• PROBLEM
Copy the records below exactly, starting at the line that contains "With the four" and ending at the line that contains "<B>Wow Comics #11"; leave out any pictures.

• MATERIAL TO PROCESS
============================================================
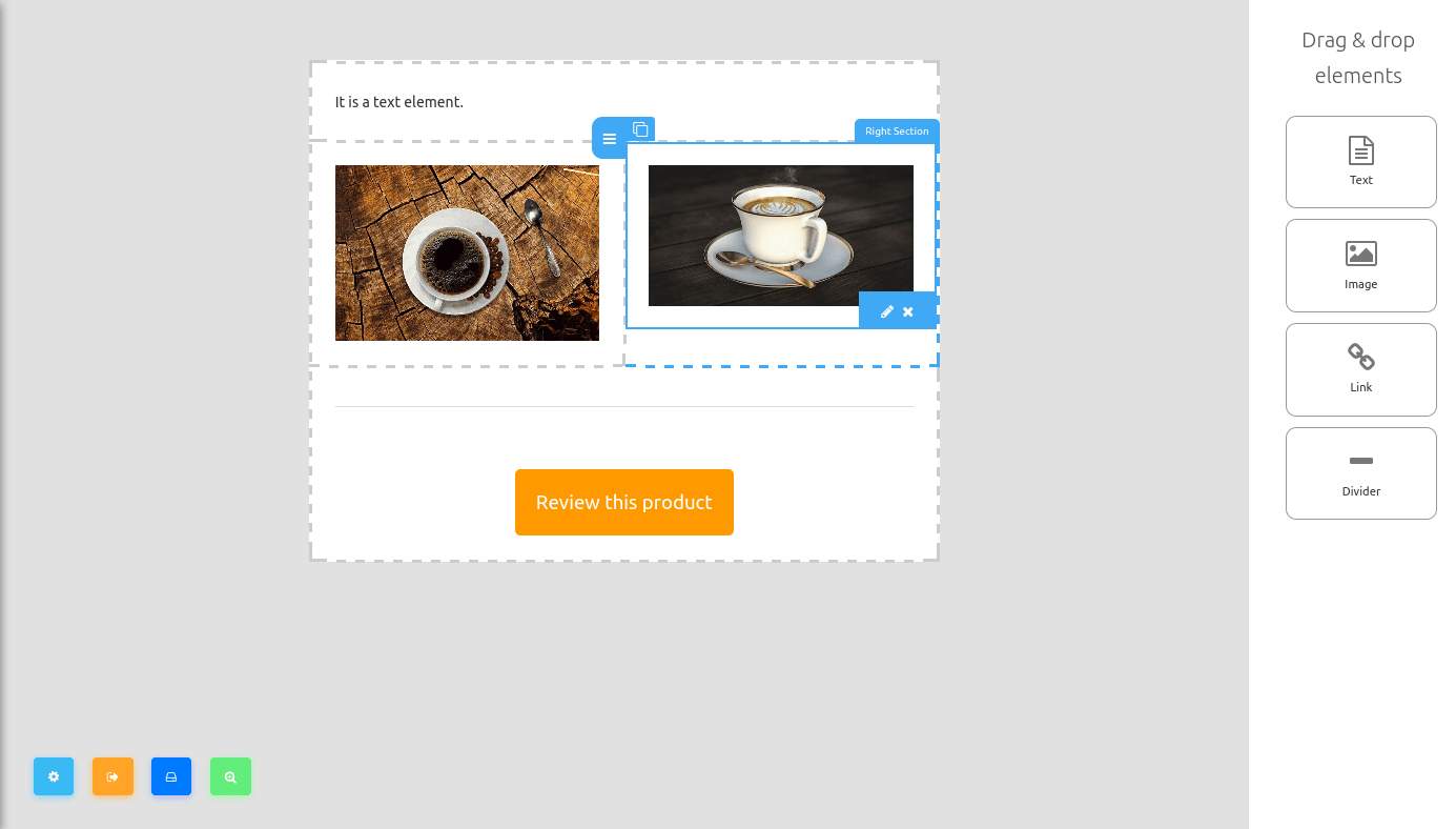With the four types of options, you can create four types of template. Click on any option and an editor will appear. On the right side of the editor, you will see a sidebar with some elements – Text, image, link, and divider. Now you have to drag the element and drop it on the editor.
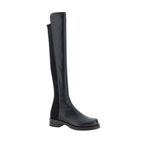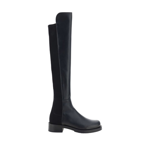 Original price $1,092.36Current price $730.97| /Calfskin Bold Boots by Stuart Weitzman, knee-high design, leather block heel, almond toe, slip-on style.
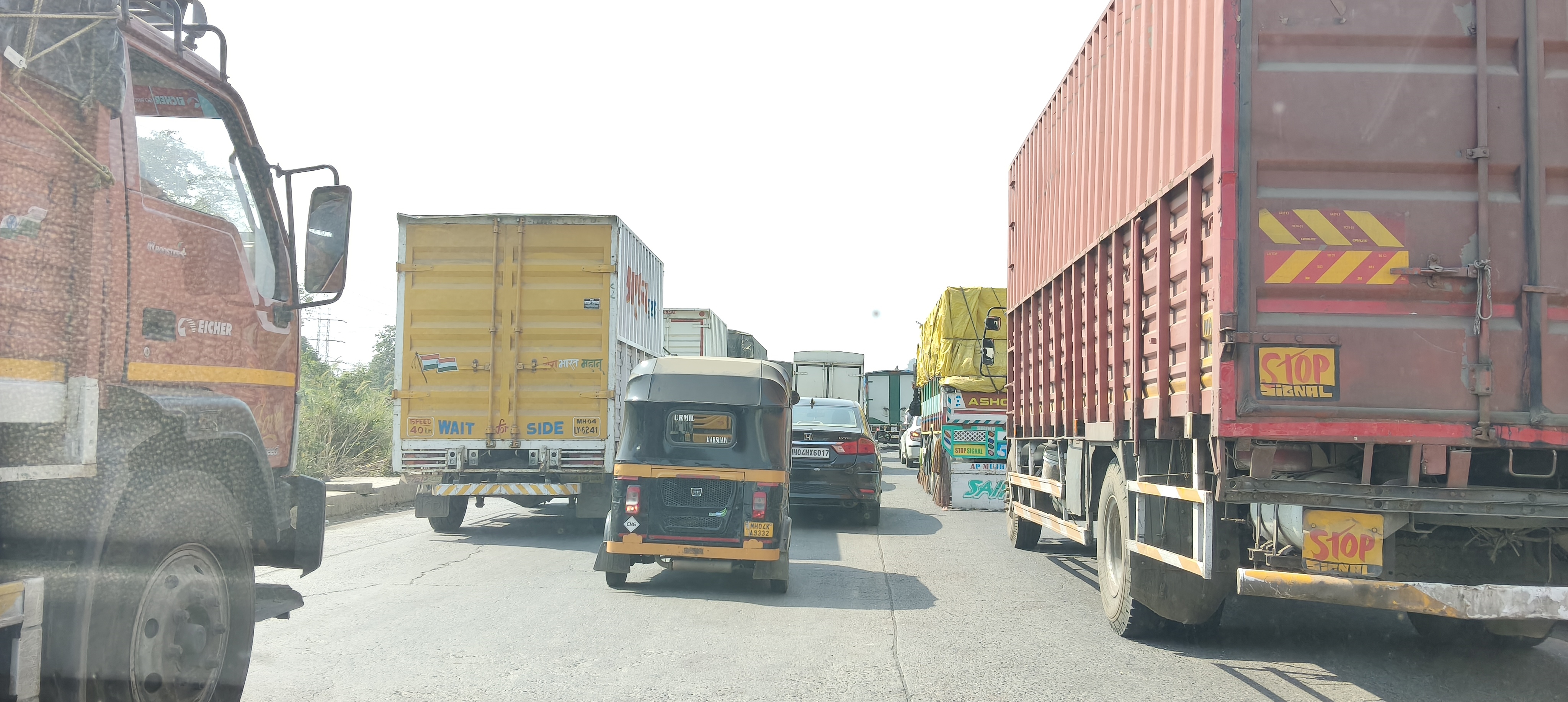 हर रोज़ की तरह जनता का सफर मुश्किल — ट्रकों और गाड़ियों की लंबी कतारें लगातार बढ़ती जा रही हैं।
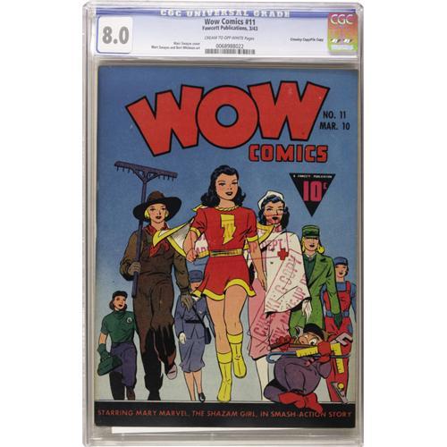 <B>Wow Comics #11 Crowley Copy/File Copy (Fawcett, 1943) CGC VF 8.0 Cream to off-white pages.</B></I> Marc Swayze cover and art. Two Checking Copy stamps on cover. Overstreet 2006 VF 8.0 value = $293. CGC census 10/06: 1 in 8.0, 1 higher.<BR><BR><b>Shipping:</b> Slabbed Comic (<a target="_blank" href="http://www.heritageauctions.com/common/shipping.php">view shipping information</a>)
============================================================
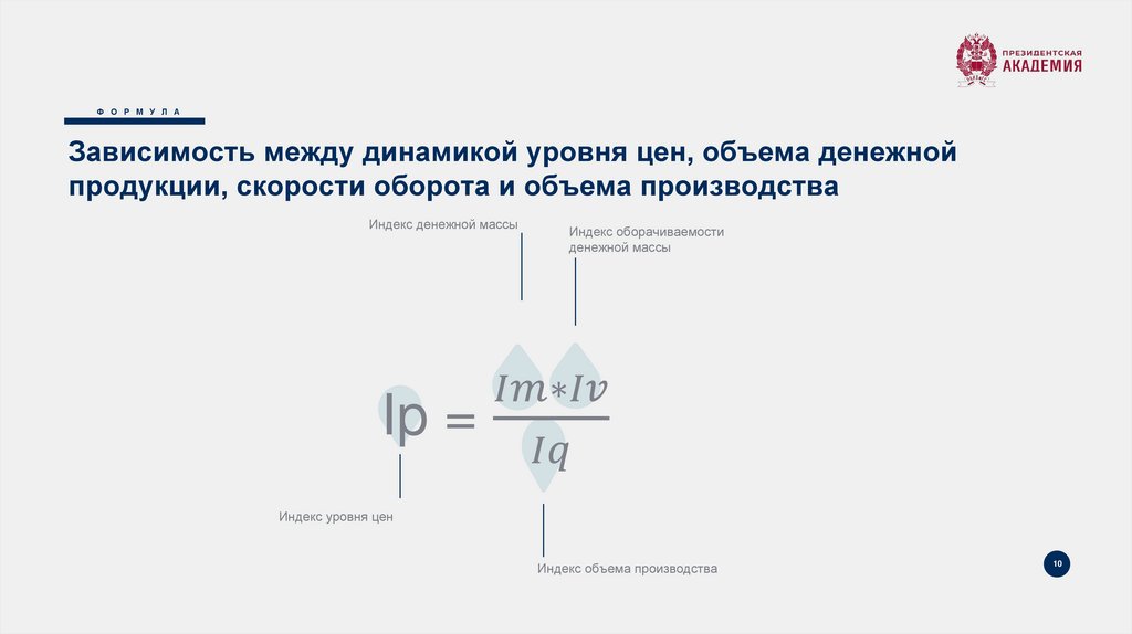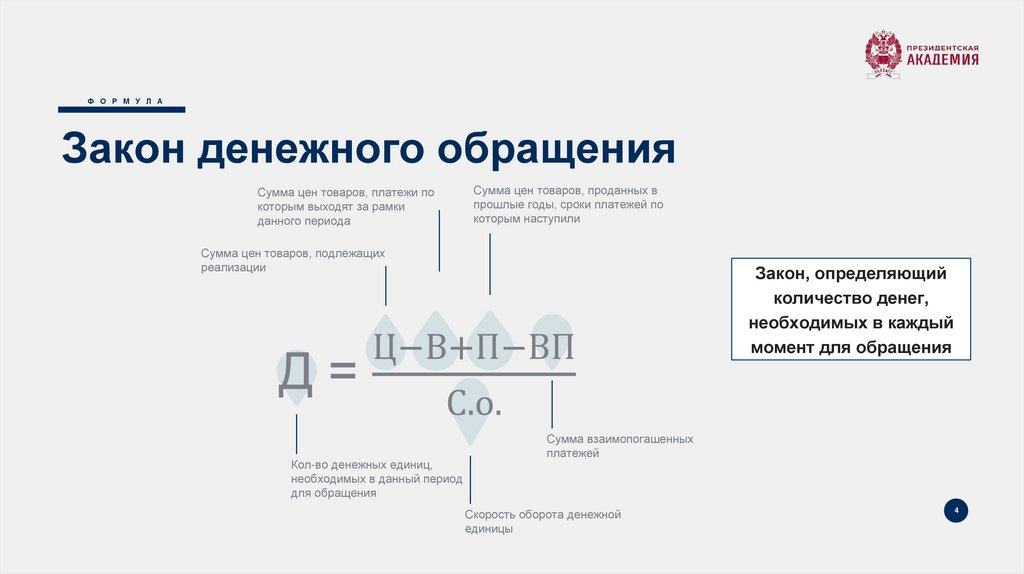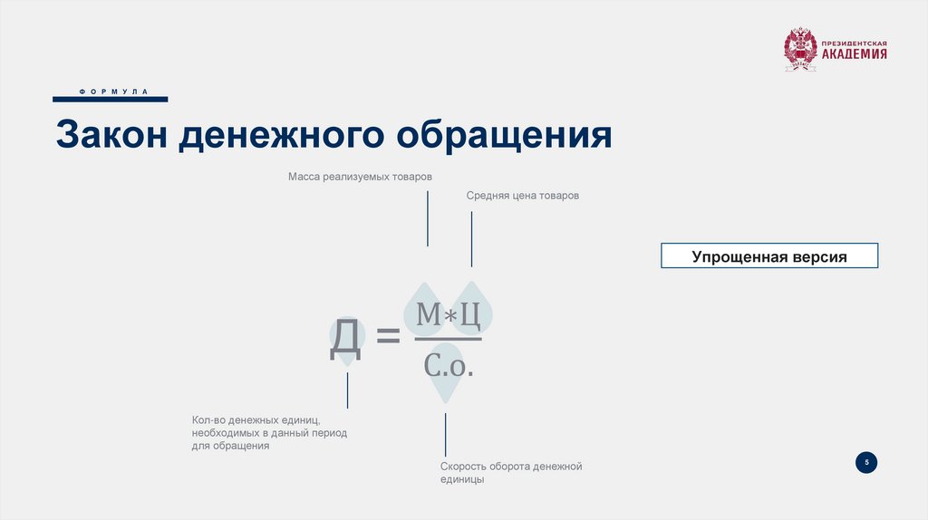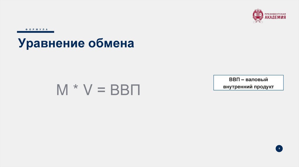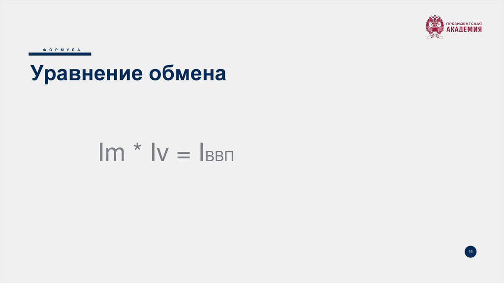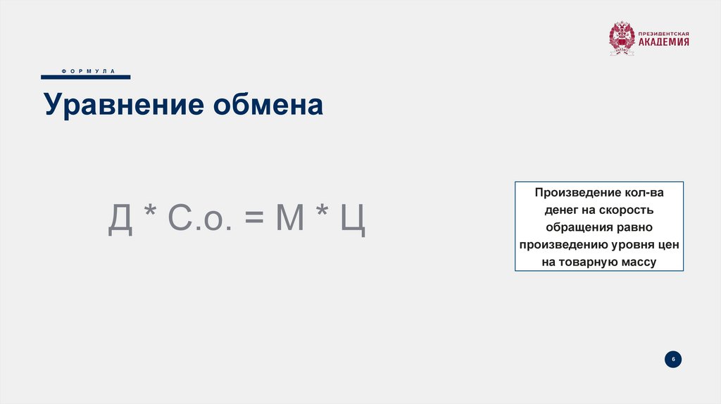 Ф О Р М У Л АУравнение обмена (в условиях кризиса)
============================================================
• RESPONSE FOR THIS EXERCISE
With the four types of options, you can create four types of template. Click on any option and an editor will appear. On the right side of the editor, you will see a sidebar with some elements – Text, image, link, and divider. Now you have to drag the element and drop it on the editor.
 Original price $1,092.36Current price $730.97| /Calfskin Bold Boots by Stuart Weitzman, knee-high design, leather block heel, almond toe, slip-on style.
 हर रोज़ की तरह जनता का सफर मुश्किल — ट्रकों और गाड़ियों की लंबी कतारें लगातार बढ़ती जा रही हैं।
 <B>Wow Comics #11 Crowley Copy/File Copy (Fawcett, 1943) CGC VF 8.0 Cream to off-white pages.</B></I> Marc Swayze cover and art. Two Checking Copy stamps on cover. Overstreet 2006 VF 8.0 value = $293. CGC census 10/06: 1 in 8.0, 1 higher.<BR><BR><b>Shipping:</b> Slabbed Comic (<a target="_blank" href="http://www.heritageauctions.com/common/shipping.php">view shipping information</a>)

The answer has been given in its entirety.